Prórroga de la aplicación de las disposiciones del Acuerdo de Asociación entre los Estados de África, del Caribe y del Pacífico, por una parte, y la Comunidad Europea y sus Estados Miembros, por otra, hecho en Cotonú el 23 de junio de 2000 (Acuerdo de asociación ACP-UE). Decisión n.º 3/2019 del Comité de Embajadores ACP-UE de 17 de diciembre de 2019 de adopción de medidas transitorias de conformidad con el artículo 95, apartado 4, del Acuerdo de Asociación ACP-UE (2020/2).
¿Qué dice esta ley?
**¿Qué es?** Es una prórroga del Acuerdo de Asociación ACP-UE, un tratado firmado en 2000 entre la Unión Europea y países de África, el Caribe y el Pacífico. Este acuerdo original tenía una validez de 20 años (hasta febrero de 2020), pero como no estaba listo el nuevo acuerdo que debería reemplazarlo, se decidió extender la aplicación del anterior hasta el 31 de diciembre de 2020, o hasta que entre en vigor el nuevo, según cuál ocurra primero. **¿A quién afecta?** Afecta a la Unión Europea, sus Estados miembros y los países de África, del Caribe y del Pacífico que son parte del acuerdo. Estos países mantienen sus relaciones comerciales y de cooperación bajo los términos establecidos en el tratado original durante el período de prórroga. **¿Qué cambia o establece?** No introduce cambios en el acuerdo existente; solo prorroga su vigencia. La prórroga entró en vigor el 1 de marzo de 2020 y mantiene activas todas las disposiciones del Acuerdo de Asociación ACP-UE hasta que el nuevo acuerdo negogiado entre las partes esté completamente listo para aplicarse.
💬 Contexto ciudadano
El Acuerdo de Asociación ACP-UE de 2000 establecía un marco de relaciones comerciales y cooperación entre la Unión Europea y países de África, el Caribe y el Pacífico durante veinte años.
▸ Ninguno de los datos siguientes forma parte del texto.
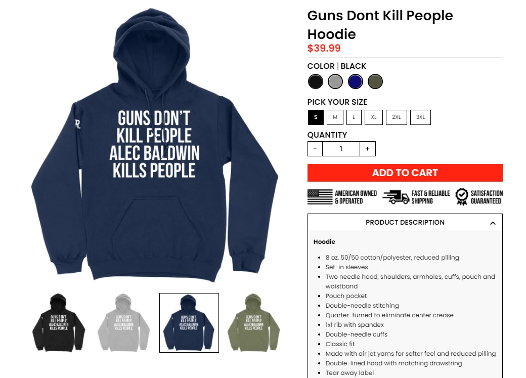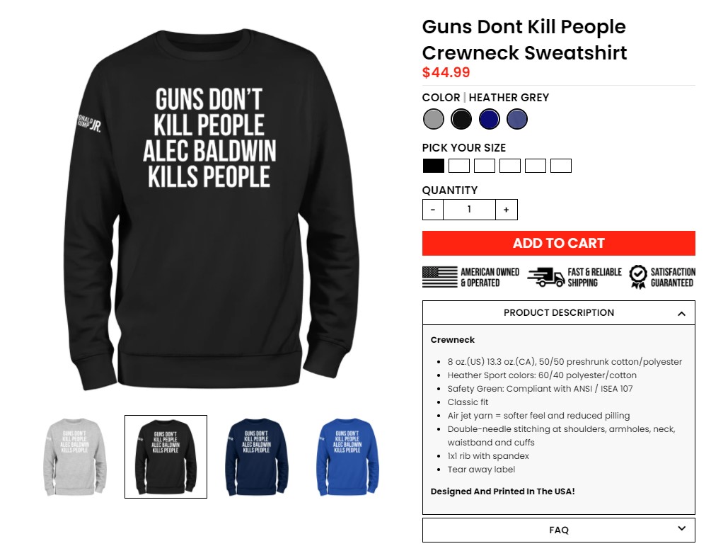 Мерч с соответствующим дизайном появился на официальном сайте Трампа-младшего всего через несколько дней после того, как актер Алек Болдуин на съемках вестерна "Ржавчина" случайно застрелил оператора и ранил режиссера из реквизитного оружия. В нем по неустановленной на данный момент причине оказались боевые патроны.

Al vencerse este período en febrero de 2020, la negociación del nuevo acuerdo no estaba finalizada, lo que requirió esta prórroga hasta diciembre de 2020 para evitar un vacío legal. Esta medida transitoria, adoptada por el Comité de Embajadores ACP-UE, resulta fundamental para mantener la continuidad en intercambios comerciales y programas de cooperación técnica y financiera. La prórroga afecta significativamente a países hispanohablantes como República Dominicana y Cuba, garantizando estabilidad en sus relaciones con la UE durante el período de transición hasta la implementación del nuevo acuerdo ACP-UE.